Treating Mouldy Objects - Completed - October 19, 2012

October 19, 2012

Immediately after carefully cleaning and rinsing, the objects treated were hung up outside to dry in the sun for the rest of the day (from 10:30 Am until 3:30 Pm).  Once again, we moved them to follow the direct sunlight since there were shade trees nearby.  When they were brought inside all except one felt dry to the touch.  We did put them out in the sun the next day as well to complete the drying process.  In all cases they were dry to the touch including in all the out of the way places we checked (around folds and peaks on the inside).    Although all visible signs of mould no longer appear we will continue to check them on a regular basis (at least monthly) to ensure there is no additional mould growth.  The black leather gloves continued to have a musty smell which was likely just absorbed due to proximity with the other objects.

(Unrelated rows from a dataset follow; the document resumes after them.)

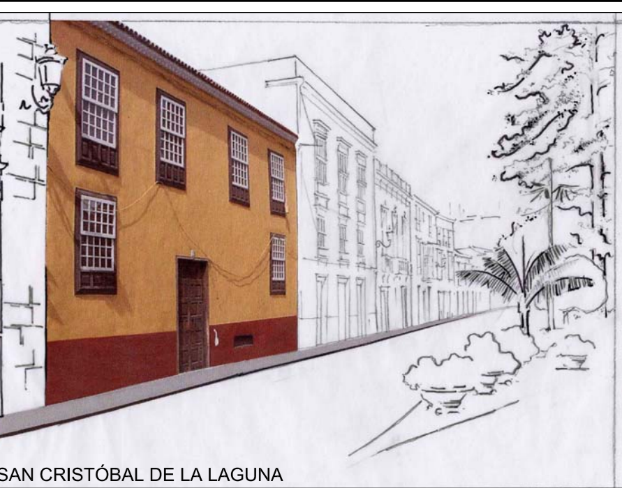
SAN CRISTÓBAL DE LA LAGUNA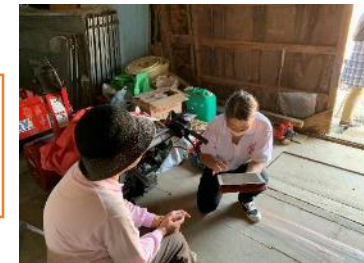
アンケート調査、生活状況聞き取り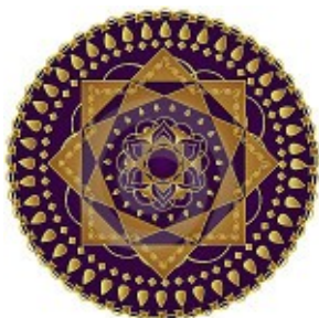
Hindu mandala, mely Lakshmi Istennő nyolcágú csillagát ábrázolja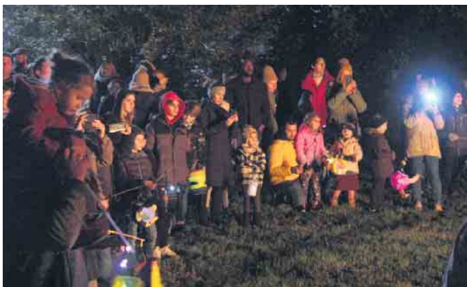
Kinderaugen und bunte Laternen strahlten um die Wette beim Martinsumzug in Nörvenich

te auf der Wiese hinter der Turnhalle in der Neffelbachau, wo Sankt Martin gemeinsam mit den Teilnehmern des Zuges am traditionellen Martinsfeuer den lodernden Flammen lauschte. Die Besucher konnten sich unweit des Feuerscheins mit Glühwein, Punsch, alkoholfreien Getränken aufwärmen. Zur Stärkung wurden Bratwürste angeboten. Die Kinder erhielten Weckmänner. Ein Dank gilt allen fleißigen Helferinnen und Helfern, die vor und hinter den Kulissen zum Erfolg aktiv beigetragen haben. Auch bedanken möchte sich die IG Nörvenicher Ortsvereine bei der Jugendfeuerwehr sowie der Freiwilligen Feuerwehr. FH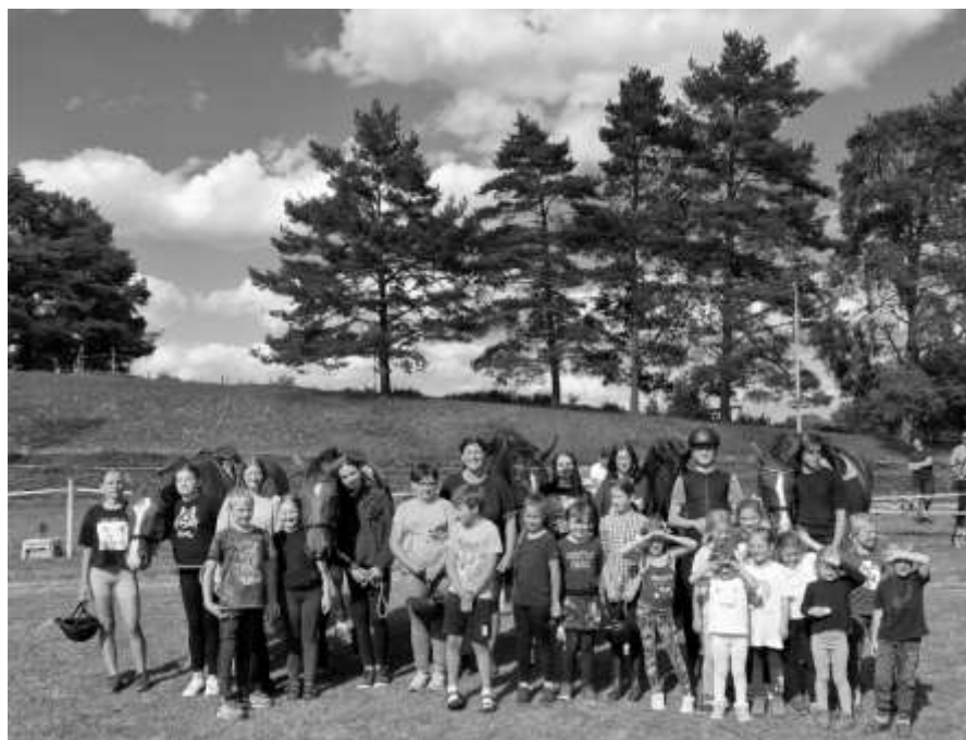
Účastníci příměstského tábora na střelnici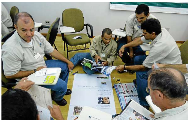
Grupo da usina da Pedra se reúne para discutir idéias durante treinamento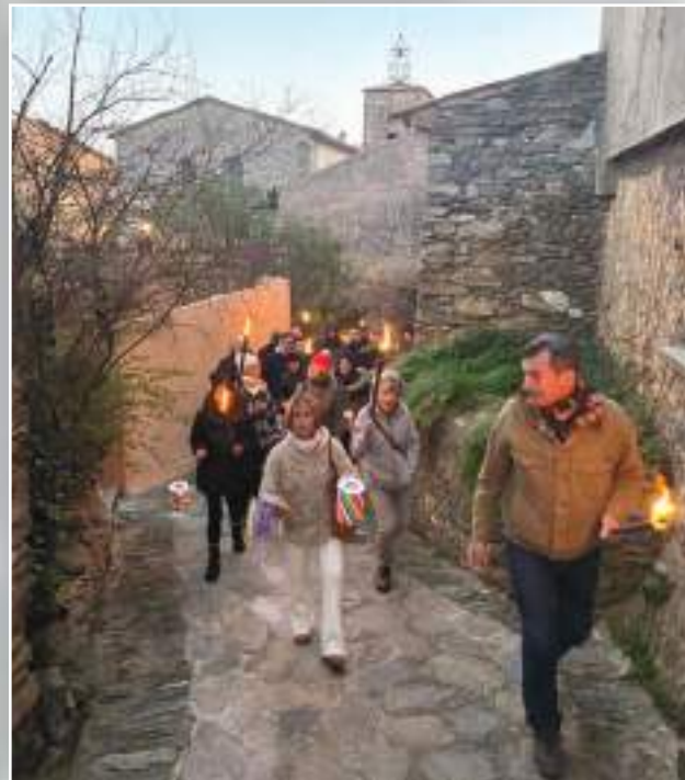
La montée aux flambeaux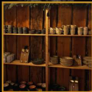
koffie- en theemokken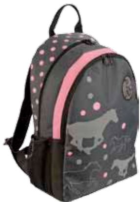
Heppa pinkki • 1184-1-10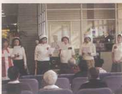
メヌエットのみなさんたち

去る平成19年12月25日(火)14時より6人のボランティア演奏楽団“メヌエット”によるクリスマスコンサートが外来薬局前のフロアにて開催されました。(当院ボランティア委員会並びに患者サービス向上委員会主催)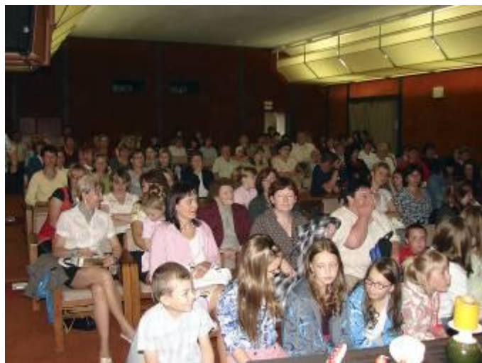
Pohled na zaplněný sál kina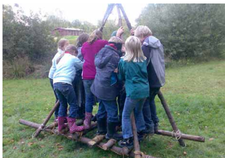
Juniorerne kontrollerer besnøringer - raften knækkede først!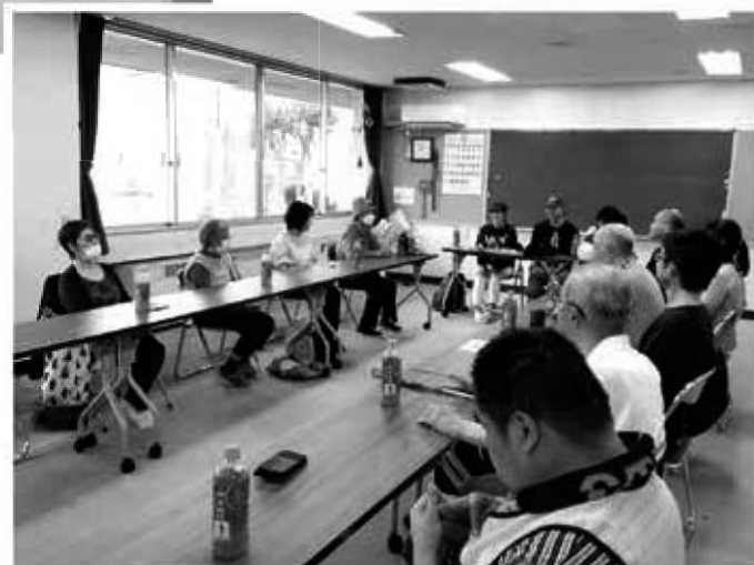
東京理科大学学生ボランティアサークルさんと会談の様子。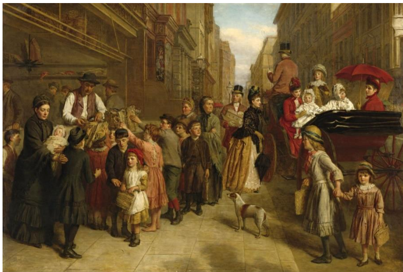
Уильям Паулз Фрайт «Бедность и богатство»

Однажды у Ярославского вокзала ходил важный господин, тайный советник*. Он радовался жизни, смотря на мрамор, стеклянные окна, рестораны с официантами, обслуживающими посетителей, радостных людей, которые вежливо снимали перед ним шляпу. Но внезапно он увидел тихого грустного человека. Тайному советнику это очень не понравилось: он считал, что все должны действовать ему в угоду, он был очень разозлён. Сегодня он как раз встал с той ноги и хотел, чтобы все были весёлыми. Но тут все его планы рухнули... Он в гневе подошёл к незнакомцу, от которого пахло бедностью, грустью, гробовым запахом, бутербродом, водой и дешевым кофе. Иванов был чем-то озабочен.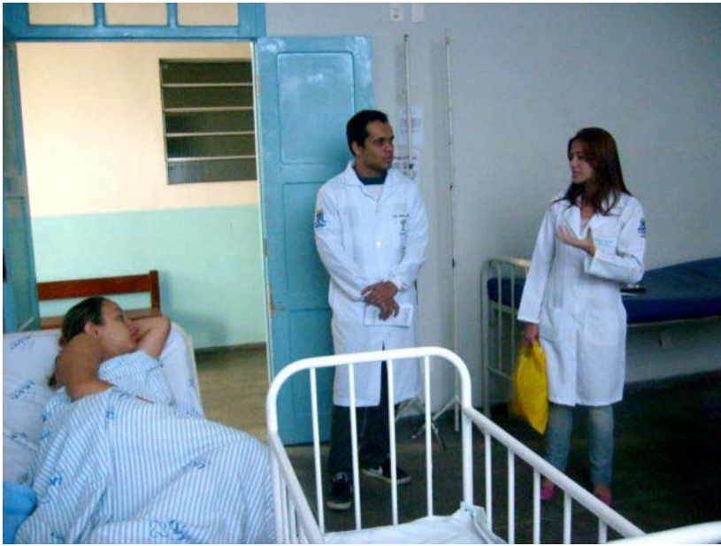
Palestra às puérperas das maternidades do Município

The silk insert inside one of the objects was left to dry inside and was dry to the touch by the end of the day. Below is a photograph of the insert showing it removed for cleaning.  The silk is stitched onto a paper backing.  The paper appears to be from a newspaper.

Kings Canadian Hussar's ceremonial hat silk insert 
The objects were all wrapped in acid free paper, stored in banker's boxes, and put away in the museum storage.  A regular check will determine if we have removed the problematic mould infestation.  After several months without evidence of mould growth it would be acceptable to put these objects in with others as part of an exhibit.

Conservation Tip: There are several methods that can be used to remove or reduce the musty odours found on leathers, textiles, and papers .  None of which are guaranteed but might be worth the time, cost and effort.  The best and lowest cost alternative is to place the object in direct sunlight preferably with a breeze.  The sun's ultraviolet light actually will help to break down what is causing the smell.   Keep in mind that some materials will fade with too much sunlight so be cautious and try only a few hours in the sun at first.  Consult a conservator if you are not sure.  Something else you can try which may just reduce odors without having a major effect on what causes them (another lower cost alternative) is storing the objects for a longer period of time in an enclosed container with known odour absorbing materials such as baking soda, charcoal briquettes, or kitty litter.  The objects must not directly contact the odour absorbing materials so put them in an open container inside a larger container that can be closed.  Open it up from time to time (perhaps, weekly?) take the object out and see if the smell is reduced.  It could take several months and is not guaranteed.